Posted 10 December, 2019 OBI BLOG
The NHS is once again the topic of hot debate, being thrust centre stage in the General Election with
various promises tabled by the respective parties. There are no doubt strains and challenges ahead for our beloved health system, the intrinsic detail of which will be thrashed out and scrutinised in the coming months, whatever the electoral outcome.
Sat here with my glass ‘half-full’ and not wanting to delve too deeply into the challenges of the NHS, I see great opportunity for Leeds to become a powerhouse in the healthcare and innovation sector.
Leeds is already a major hub for health and innovation, home to major national health bodies such as NHS England, NHS Digital and NHS Leadership Academy. The presence of these organisations, alongside other key public health sector bodies and three world class universities makes Leeds and the wider city region a beacon in this crucial sector.
Given the aforementioned strains on the NHS, there is a real drive to deliver innovation and efficiencies in the health system. Leeds looks set to lead the way on these initiatives with funding continually set to be allocated to the region over the coming years: £450m has been recommended for approval to facilitate two new state of the art hospitals within Leeds’ Innovation District, with delivery anticipated by 2025.

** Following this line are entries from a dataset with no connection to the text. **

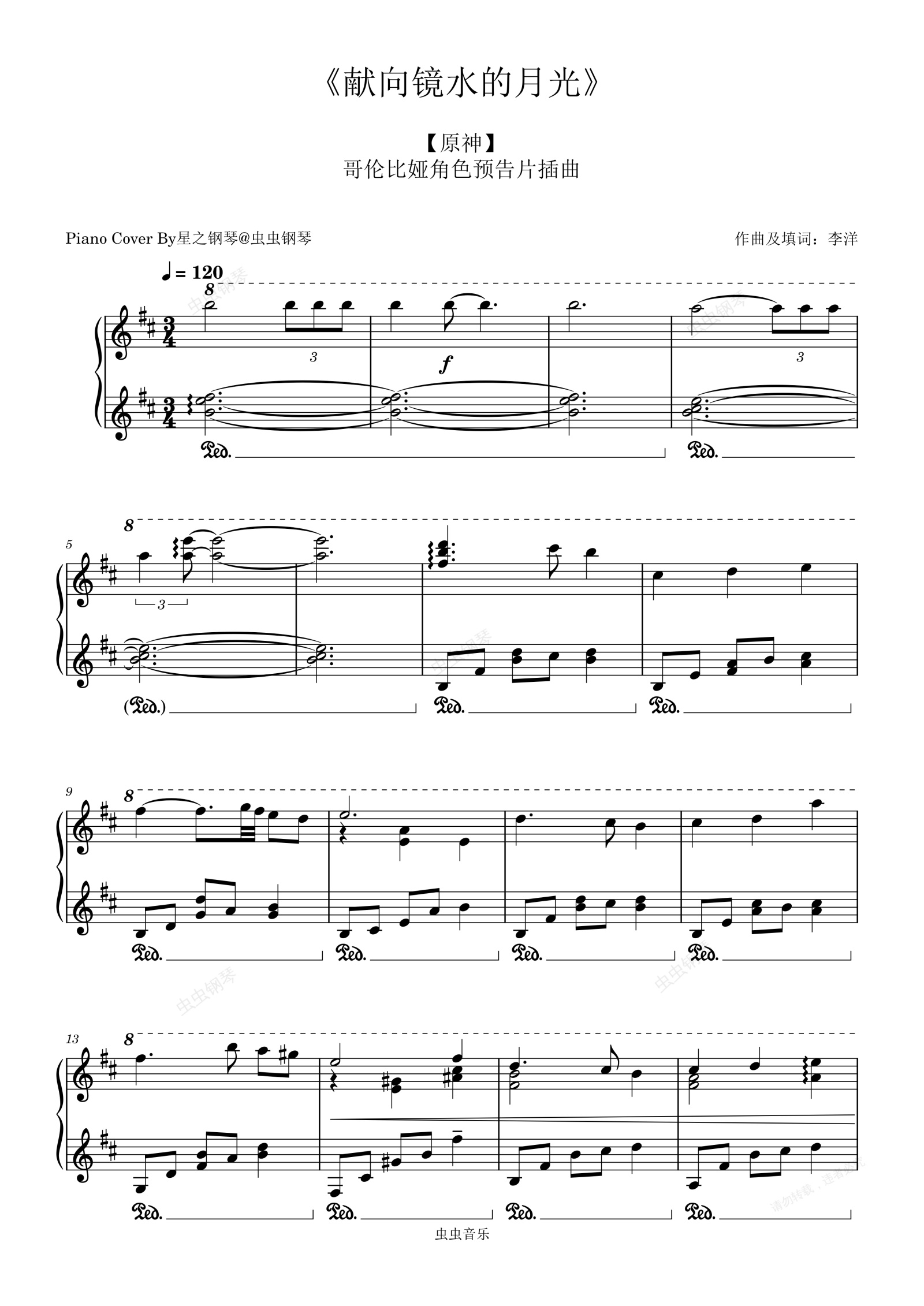 钢琴谱:【原神】哥伦比亚预告曲《献向镜水的月光》还原钢琴谱~星之钢琴~
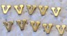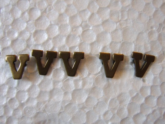 Dealer lot of 5 ribbon attachment letters "V" for U. S. Military medals. Letter "V" is designation for valor. Device is about 1/4 inch high and is bronze type material construction.
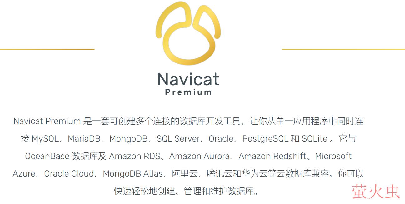 “Navicat”是一套可创建多个连接的数据库管理工具,用以方便管理 MySQL、Oracle、PostgreSQL、SQLite、SQL Server、MariaDB 和 MongoDB 等不同类型的数据库,它与阿里云、腾讯云、华为云、Amazon RDS、Amazon Aurora、Amazon Redshift、Microsoft Azure、Oracle Cloud 和 MongoDB Atlas等云数据库兼容。你可以创建、管理和维护数据库。Navicat 的功能足以满足专业开发人员的所有需求,但是对数据库服务器初学者来说又简单易操作。Navicat 的用户界面 (GUI) 设计良好,让你以安全且简单的方法创建、组织、访问和共享信息。
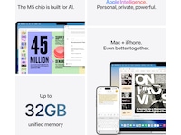 KOBLE TIL ALT – MacBook Air har to Thunderbolt 4-porter, en MagSafe-ladeport, en hodetelefon-utgang – samt Apple N1-chipen for trådløs tilkobling for Wi-Fi 7(4) og Bluetooth 6. Og den støtter opptil to eksterne skjermer.
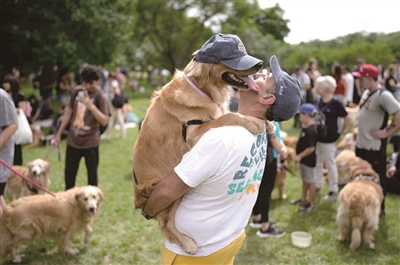 这场名为“黄金浪潮”的活动源于社交网络,很快发展成一场超大型狗狗聚会。年龄不一的金毛犬齐聚一堂,有在地上打滚玩耍的活泼幼犬,也有戴着圣诞帽、系着缎带的成年狗狗悠闲地散步,主人们一边喝茶,一边拍照留念。
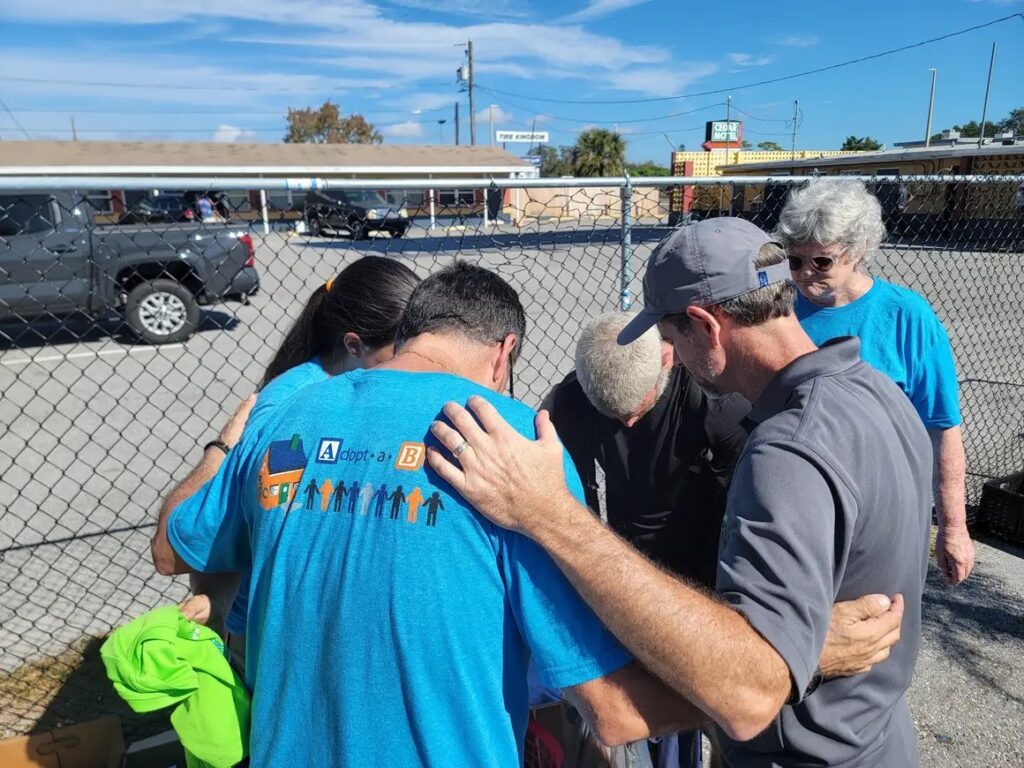 Volunteers prayed together during food drive at the Florida Dream Center. (Photo courtesy of Tara Howett)
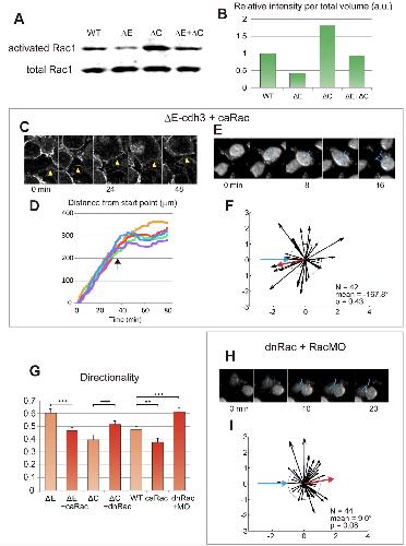 Figure 3. Truncated cadherins modulate Rac1 activity responsible for single cell CIL, collective CIL, and single cell persistence. (A) Rac1 activity is modulated from WT levels by ÎE-cdh3 (ÎE), ÎC-cdh3 (ÎC), and ÎE-cdh3â+âÎC-cdh3 (ÎEâ+âÎC). (B) Rac1 activity of (A) normalized to WT levels. Rac1 activity in ÎE-cdh3 and ÎC-cdh3 expressing cells was 0.4- and 1.8-fold of WT levels. ÎEâ+âÎC activity was not significantly different from WT levels. Full-length blots are presented in Figure S7A. (C) Mesendoderm closure in embryos co-injected with ÎE-cdh3â+âconstitutively active form of Rac1 (caRac). (D) Time-courses of mesendoderm closure from five embryos. (E) Single cell collisions of ÎE-cdh3â+âcaRac expressing cells. (F) Summary of collisions of ÎE-cdh3â+âcaRac expressing cells (Nâ=â42, meanâ=âââ167.8°, pâ=â0.43). (G) Directionality of single cell migrations of ÎE-cdh3â+âcaRac (ÎEâ+âcaRac), ÎC-cdh3â+âdominant negative form of Rac1 (dnRac) (ÎCâ+âdnRac), caRac and dnRacâ+âRac1 morpholino oligomers (RacMO) (dnRacâ+âRacMO) compared with ÎE-cdh3 (ÎE), ÎC-cdh3 (ÎC) and WT, respectively (light red for comparison from Fig. 2E). (H) Single cell collisions of dnRacâ+âRacMO co-injected cells. (I) Summary of collisions of dnRacâ+âRacMO co-injected cells (Nâ=â44, meanâ=â9.0°, pâ=â0.08). All scale bars are 20 µm. |
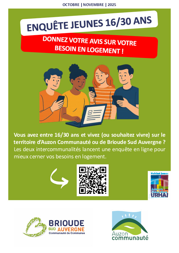 Vous avez entre 16 et 30 ans et vous vivez (ou souhaitez vivre) sur les territoires d’Auzon Communauté ou de Brioude Sud Auvergne ?
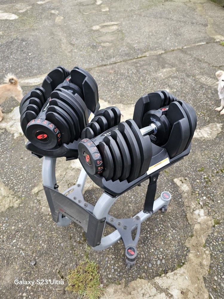 New never used Bowflex Dumbells 10-90 With Stand Dumbells is a new Cash only please

A further £233m will be allocated to develop healthcare technology supporting the work of existing centres of excellence, Leeds being one of only four centres alongside Oxford, Coventry and London with the local centres spread across the LGI (Leeds General Infirmary) in the Innovation District and St James Hospital on the outskirts of Mabgate.
The funding, should this be realised, partnered with the city’s ambition, will create a modern, sustainable and more efficient environment. Some of the older, now obsolete buildings, will be re-purposed and sympathetically refurbished. There is huge scope here to bring in health and science businesses requiring lab space alongside traditional office accommodation, the latter of which is sparse and difficult to retro-fit into traditional office environments.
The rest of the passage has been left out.